There is, therefore, an urgent need for stakeholders to device ways of ensuring the media have access to data that is both affordable and strong in connectivity.

Since the media fulfill social responsibility, it would not be too much to consider data subsidy and rebates on tariffs for the consumables used by the industry.

“There is a serious need for training and retraining of journalists and media managers on the business side of their operations, that is, how to run profitably without compromising professional ethics and social responsibility.

“It is important for the Nigerian society to give close attention to the issue of the sanity, mental and psychological health of journalists because a dislocation in this area of well-being in their lives would amount to a dislocation on the entire nation.

“The recommendations made pursuant to this study could be implemented on the platform of the proposed SCARS Intervention Model (SIM) discussed in the segment on Research Outcomes.”

However, some of the findings include; The pandemic has changed the practice of journalism in Nigeria by hampering access to news sources.

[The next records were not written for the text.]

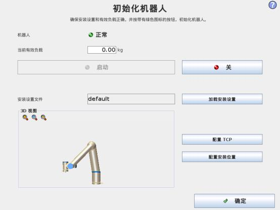 帶綠色圖標的大按鈕是用于對機器人手臂進行實際初始化的。上面的文字,以及其進行的操作,都會根據機器人手臂的當前狀態變化。
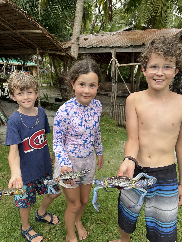 On our last day In Port Barton, we went to Alain’s chalet. That morning we left at 9:45. We went on the beach to look for a boat to bring us to the little village of Bunuangin. A man asked if we wanted to go to White Beach and we said no, but asked how many pisos it would be to go to Bunuangin. He said that his boss would tell us the price. He said 3000. But we found another boat for only 2000. When we arrived, we visited the village. After we went on the neighbour’s boat to go to the net to catch some fish and some crabs for lunch. We caught 6 crabs, 7 fish, one ray, and one squid (he had so much ink). We came back to the chalet to eat. We learned how to eat the crab and left the fish and ray for the neighbour.
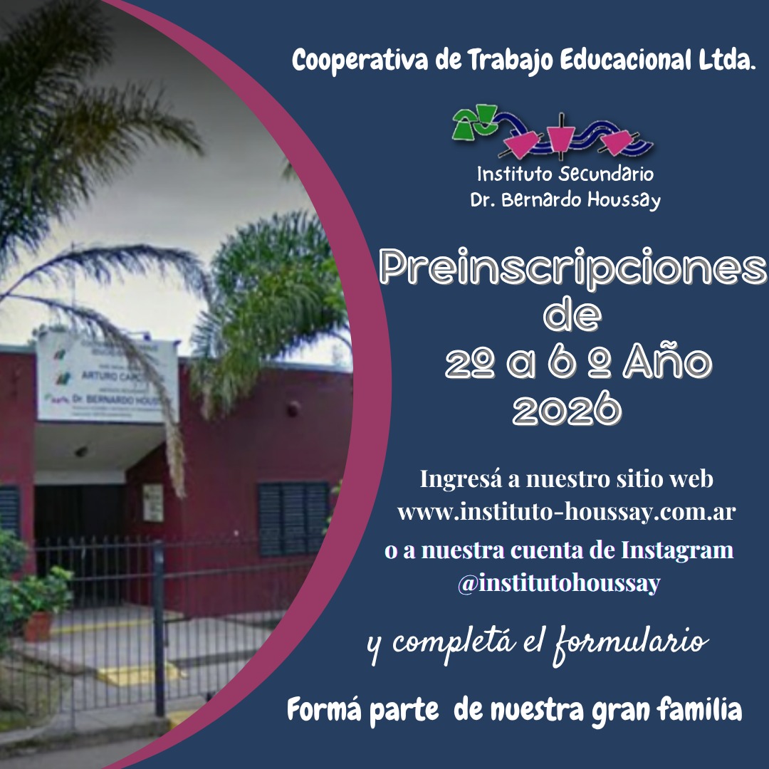 Secundario Pre inscripciones para estudiantes nuevos de 2º a 6º año 2026 Noticias - Inst. Dr. Bernardo Houssay 01 Diciembre 2025 Imprimir Correo electrónico
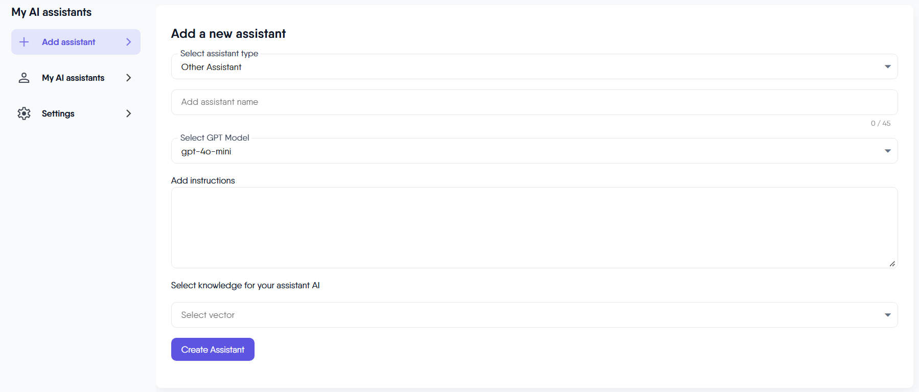 - After filling in all required fields, click on the “Create Assistant” button. This will finalize the creation of your new Assistant.
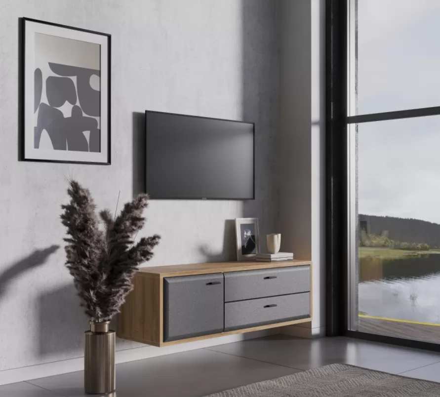 Тумба навесная Grace дуб наварра/графит RTV1D2S займет центральное место в современной гостиной.
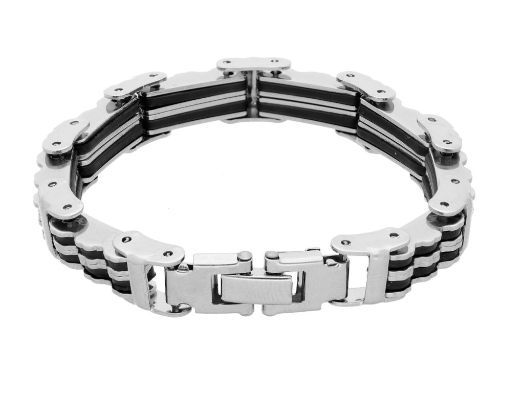 Pánsky mohutný náramok z chirurgickej ocele a kaučuku.
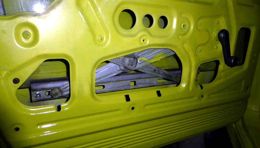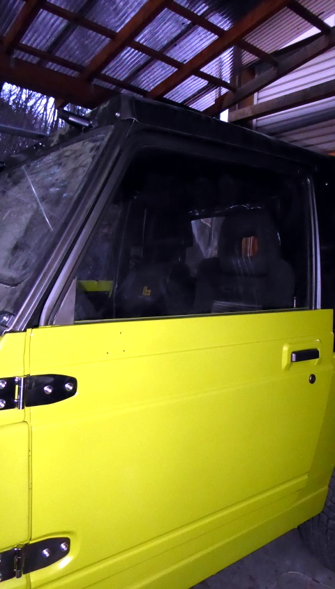 次は、やっとドアの内張りの取付。SMZのレザー仕様を奢った
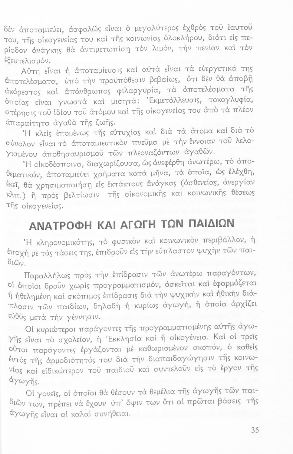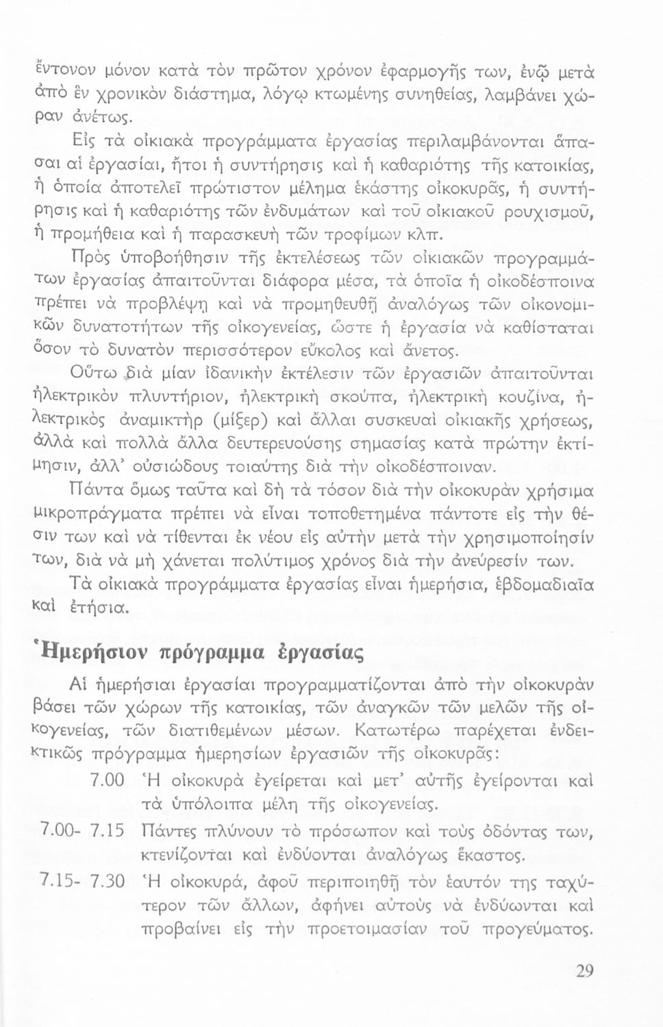 Σχολικό εγχειρίδιο της Ε΄ Τάξης του Γυμνασίου Θηλέων για το μάθημα των Οικοκυρικών. Αναφέρεται στο θεσμό της οικογένειας, τους ρόλους και τις αρμοδιότητες κάθε μέλους της. Συνεχίζει με την παιδοκομία, βρεφοκομία αναφέρεται από τον τοκετό, τη γέννηση και την ανατροφή του βρέφους, την ανάπτυξή του και τις παιδικές ασθένειες κ.α.
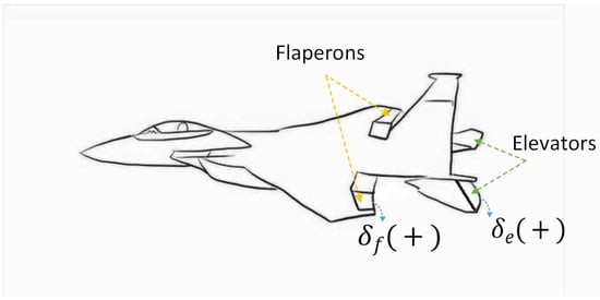 DLC can directly provide additional lift through the coordination of control surfaces without changing the flight attitude of the aircraft, enabling the aircraft to make a translational movement in the vertical direction to change its flight path. The direct lift discussed in this paper is generated by the co-directional deflection of the flaperons (), and the coordinated deflection of the elevator () is used to counteract the pitching moment generated by the normal deflection of the flaperons.

By hampering access to news sources, the pandemic changed the way reporters accessed information and introduced a new way of accessing information (new professional normal) – the use of digital technology to access sources or to gather information online from sources; The pandemic has restricted information gathering to online news sources.

Reporters now access information mainly via WhatsApp, Facebook, Zoom meetings, Twitter, YouTube, and phone calls. This means that the newsroom has become virtual, so reporters don’t need to run to the office to file stories any longer.

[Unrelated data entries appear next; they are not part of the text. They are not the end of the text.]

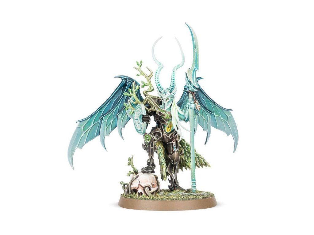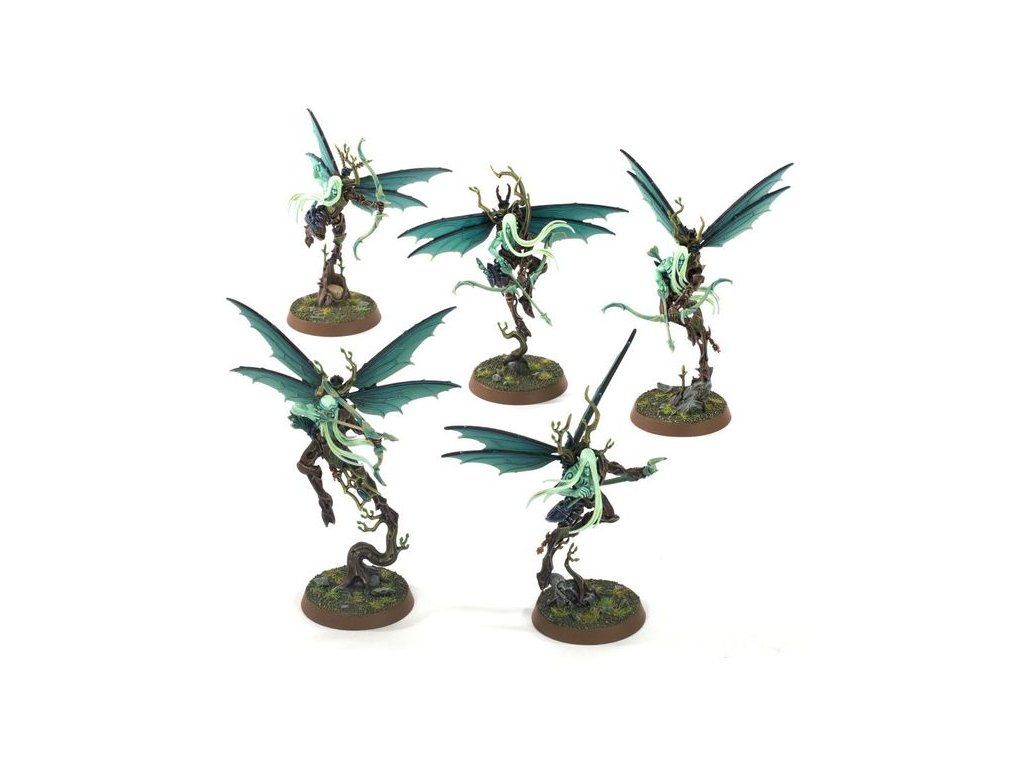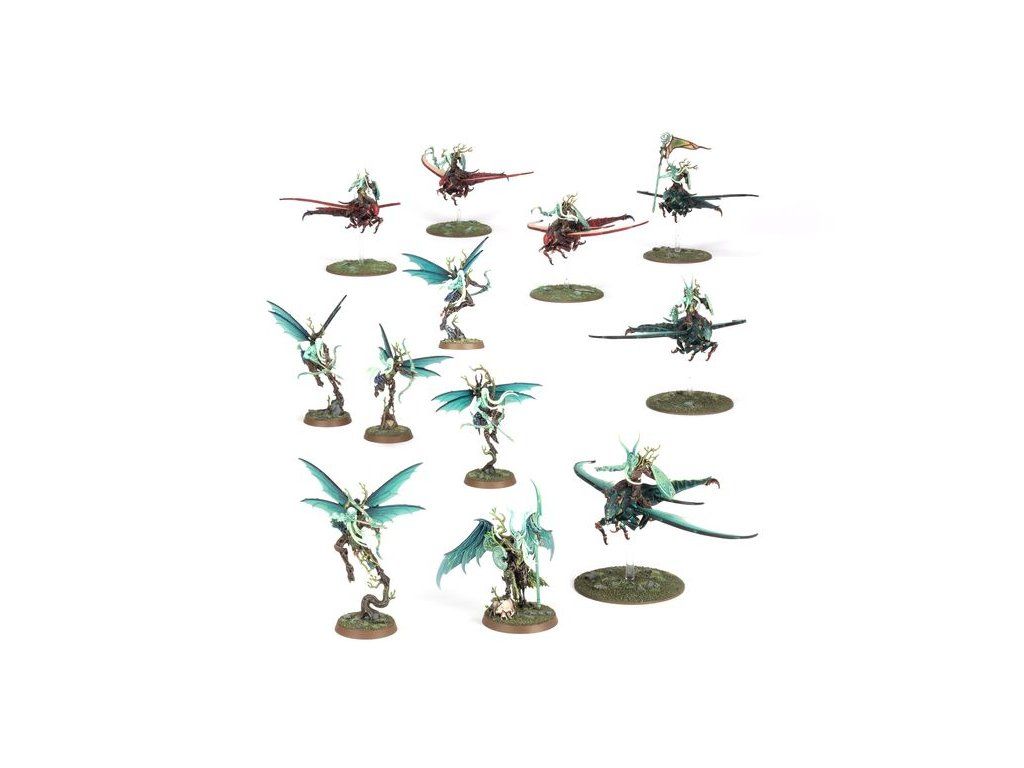 A Spitewing Flight is a fast-moving formation led by an Arch-Revenant, a winged forest spirit whose battle experience encompasses many long seasons. Gossamid Archers open hostilities with a rain of living arrows that eat through flesh, while Spiterider Lancers charge forth to slay their targets with magical spears and the ripping mandibles of their beloved dragonspite mounts. Finally, Revenant Seekers swoop down in the wake of the initial strike, scattering the survivors and reaping lives with each deft strike from their gleaming sickles.
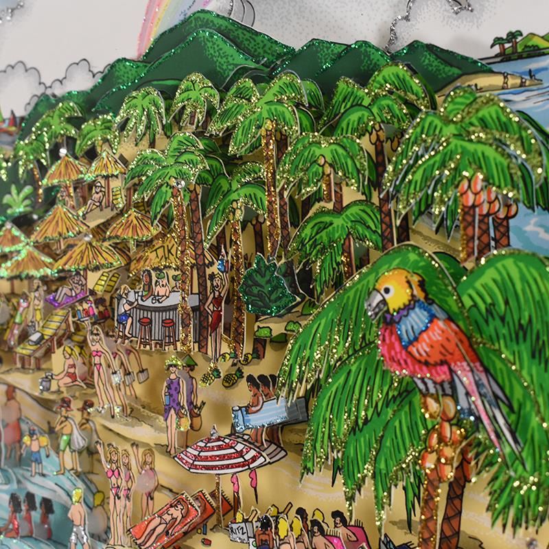 "Our Caribbean Vacation" is a 3D limited edition silk screen construct on paper by Charles Fazzino, DX numbered 117/350 and hand signed by the artist. This piece comes custom framed. Includes Certificate of Authenticity. Measures approximately 20.5" x 17.5" (framed), 12.5" x 9" (image).
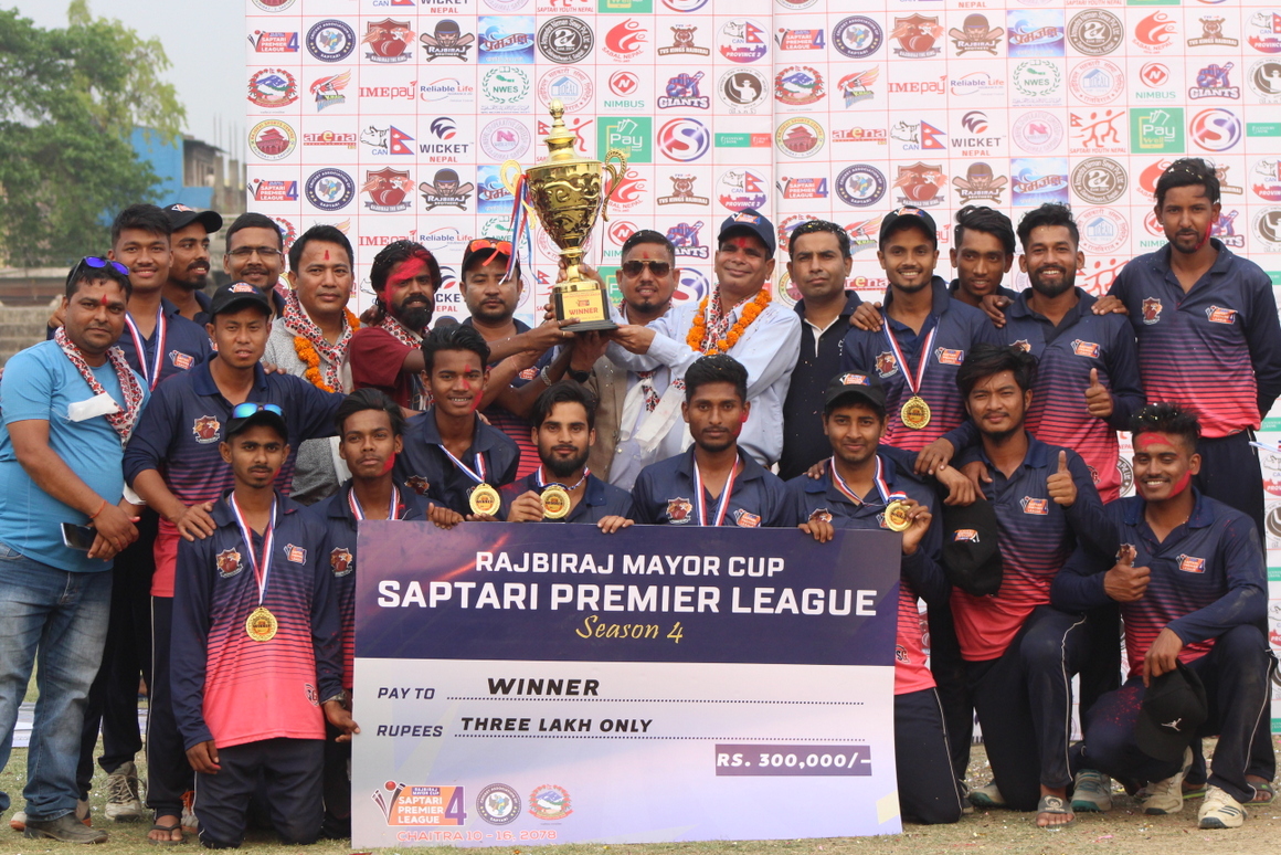 सप्तरी/चैत १६ गते। राजविराज दी किङ्सले चौंथो संस्करणको राजविराज सप्तरी प्रिमियर लिगको उपाधि जितेको छ । राजविराज स्थित राज रंगशालामा सम्पन्न फाइनलमा तिलाठी कोइलाडी जायन्ट्सलाई २९ रनले पराजित गर्दै राजविराजले उपाधि जितेको हो ।

“To be effective as a journalist during and post COVID 19, reporters need to acquire online information gathering and verification skills.  But, the findings from this study smack of deep-seated ignorance and poor information gathering and verification as well as poor fact-checking skills of Nigerian journalists; A stunning finding reveals that the newsroom has become more efficient in the COVID 19 era.

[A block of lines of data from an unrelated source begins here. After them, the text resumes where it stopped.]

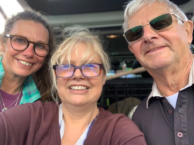 As I sit here tapping out these words in my safe, writing place, the sun has burned away the last of this morning’s haze and the horse chestnut and copper beech trees are standing clear and bright in all their autumnal technicolour whether I want to see them or not. I know that’s a metaphor for summat or another, so I’m going to drink it all in as I post this photo of me, Dad and R Les, who I love through the mist and back. I took it when I went home to Bolton a couple of weeks ago. I love my Bolton family and I’m so grateful for how they received the publication of The Naming of Bones, my memoir-in-flash that features them all. For anyone who’s read The Naming of Bones, this was a bit of a Waltzers moment for me. I’m posting it here as a happy happy memory that I can gaze on again and again and again and again, whether I’m in full-on mist mode, or sky-bright sunshine.
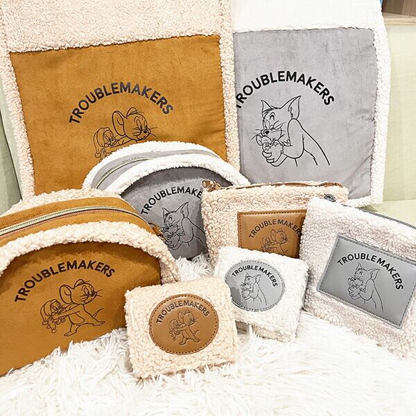 トムとジェリーの可愛いミニポーチです。もこもこのボアを使用しており、肌触りが良く、小物で季節感を取り入れたい時にぴったり♪中央の仲良しアートがキュート☆秋冬らしい色合いがおすすめです!
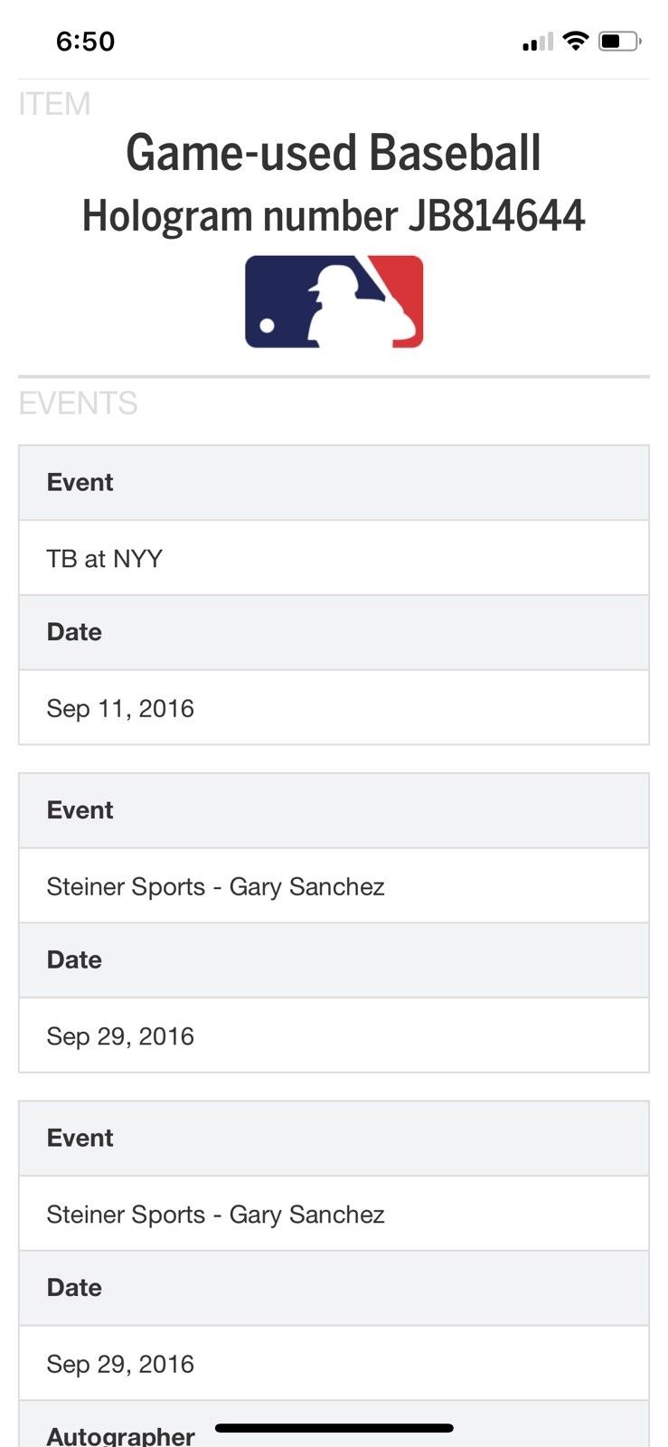 Gary Sanchez Game Used Baseball Rookie Year Autographed Baseball 9/11/16

This appears to be the case because, with little resources, correspondents can report live from their locations and conduct virtual interviews. As a result, the news is served fresher than ever.

Another finding shows in clear terms, how immensely COVID 19 has changed the newsroom culture because of the need to adhere to social distancing. A lot of newsrooms are working from home due to the social distancing rule.

In response to this new trend, one of the respondents said, ‘the newsroom has become a cold room because most people work from home’.

The research also pointed out that, “Emerging Issues include the demand for information hasn’t dropped but the demand for the newspaper has dropped. The question is, to what extent are the print media serving as the watchdogs of society in executing their surveillance role?

‘The pandemic has affected revenue in the sense that advertisements are not forthcoming, what funding mechanisms would ensure the sustainability of media organisations during and post-COVID 19?

‘Who should be responsible for the training of media sources in digital literacy skills to be more effective sources of information during and post COVID-19 eras?

‘There is a need for media organisations to own their own means of transportation to aid the mobility of reporters in order to shield them from the risk of contracting the virus through the patronage of the public transportation system.

“To be effective in the COVID-19 and post COVID-19, news sources would need to have not only digital media tools but also digital literacy skills.”